The incompleteness of proteome structure and function annotation is a critical problem for biologists and, in particular, severely limits interpretation of high-throughput and next-generation experiments. We have developed a proteome annotation pipeline based on structure prediction, where function and structure annotations are generated using an integration of sequence comparison, fold recognition and grid-computing enabled de novo structure prediction. We predict protein domain boundaries and 3D structures for protein domains from 94 genomes (including Human, Arabidopsis, Rice, Mouse, Fly, Yeast, E. coli and Worm). De novo structure predictions were distributed on a grid of over 1.5 million CPUs worldwide (World Community Grid). We generate significant numbers of new confident fold annotations (9% of domains that are otherwise unannotated in these genomes). We demonstrate that predicted structures can be combined with annotations from the Gene Ontology database to predict new and more specific molecular functions.


Currently a large number of proteins in all genomes have unknown function, and the vast majority do not have any annotation of protein structure (i.e., no homology to a sequence with known structure). Although large amounts of genome-wide data are accumulating, these data sets in general do not provide specific molecular function for these proteins. We are developing and applying methods to extend the annotation of the Arabidopsis thaliana and, secondarily, rice genomes by incorporating protein structural information. This work has recently resulted in a collaborative grant to apply our structure prediction methods to several plant genomes with Mike Purugannan and Gloria Coruzzi.

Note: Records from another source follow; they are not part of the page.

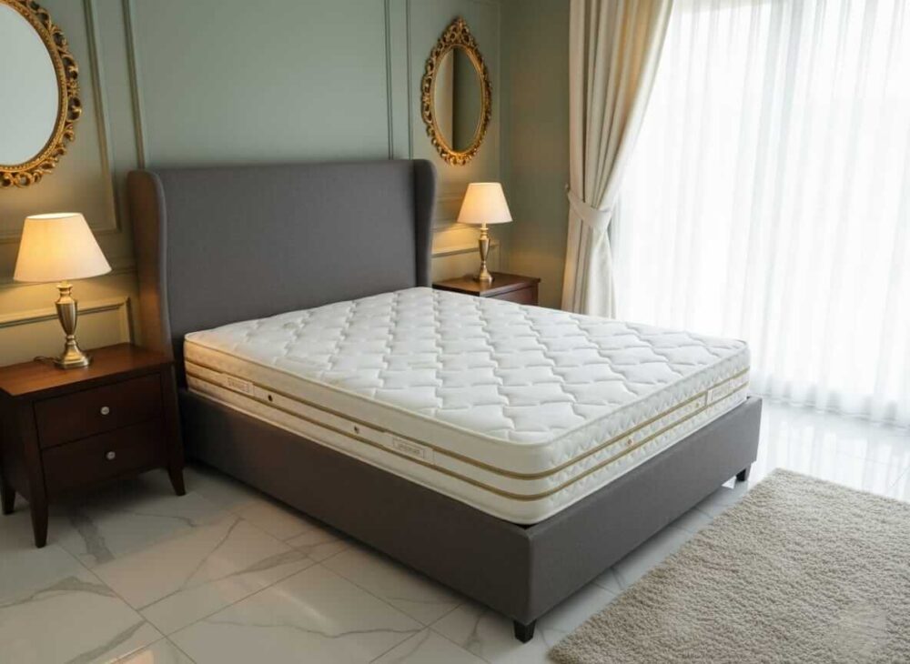 Life Mattress continuous spring mattress offers strong and balanced support thanks to its rust-resistant steel frame and high-density foam layers. It features a luxurious design with ventilation openings and side handles, making it perfect for healthy sleep and long-lasting comfort at an economical price.
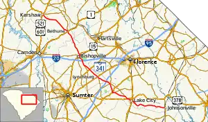 SC 341 begins at the intersection of Georgetown Highway (SC 41/SC 51) and Broadway Street in central Johnsonville. SC 341 heads west along East Broadway Street through the town's business district. At a railroad crossing, the road name changes to West Broadway and continues past additional businesses. After exiting the city limits, the road's name changes to Lake City Highway but passes some other small businesses, houses, and churches. Further from the city, more farmland begins to surround the roadway. At the community of Prospect Corner, the road name becomes Johnsonville Highway but the highway's surroundings is generally the same. Before entering Lake City, SC 341 passes in front of some commercial and industrial warehouses. Upon entering Lake City, SC 341 travels through it on Main Street, first through a residential neighborhood with an elementary school located along it. At Church Street, US 378 Bus. joins SC 341 on a concurrency through the city. Commercial businesses line both sides of the street upon the beginning of the concurrency. In the center of the city, the two routes intersect US 52. After passing Matthews Road west of the downtown area, the road enters another residential neighborhood but then heads into an area with more farmlands. Upon its intersection with US 378, US 378 Bus. ends and SC 341 has a short 1⁄4-mile-long (0.40 km) concurrency with US 378.[6]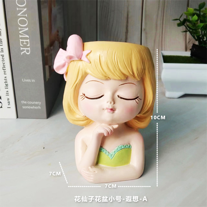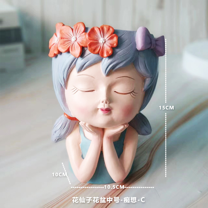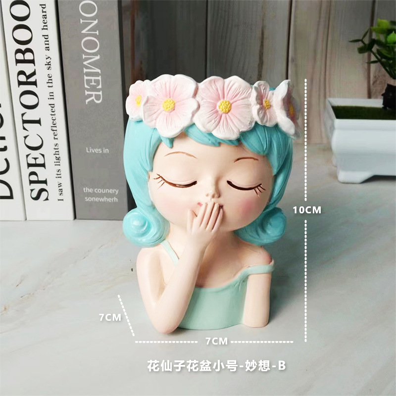 꽃 요정 꽃 냄비 바탕 화면 작은 장식품 북유럽 스타일 귀여운 만화 다육 꽃 장식 수지 작은 장식품

These methods are based on our successful structure-based functional annotation of the, among many others, yeast, human and Halobacterium genomes. Structure-based methods provide an alternate route to function-annotation, yet the automatic interpretation of structure-function relationships is non-trivial and requires addressing several data integration challenges. We address these challenges by a novel integration of best-in-class structure prediction (including Rosetta de novo structure prediction), phylogenetic and evolutionary analysis, and automated protein function prediction.

We use the World Community Grid as our computational platform, overcoming the vast computational barrier to genome-wide de novo structure prediction. Phylogenies of domains of gene families are estimated, and amino acid sites under positive selection during the evolution of these gene families identified by codon-based models. These results are then mapped onto the predicted structures, providing a structure-based evolutionary annotation of protein domains. No similar resource or set of tools is currently available to the Arabidopsis community, and we expect this approach to yield large numbers of correct structure and function predictions for the community, which would serve as a foundation for future genetic, genomic and proteomic analyses.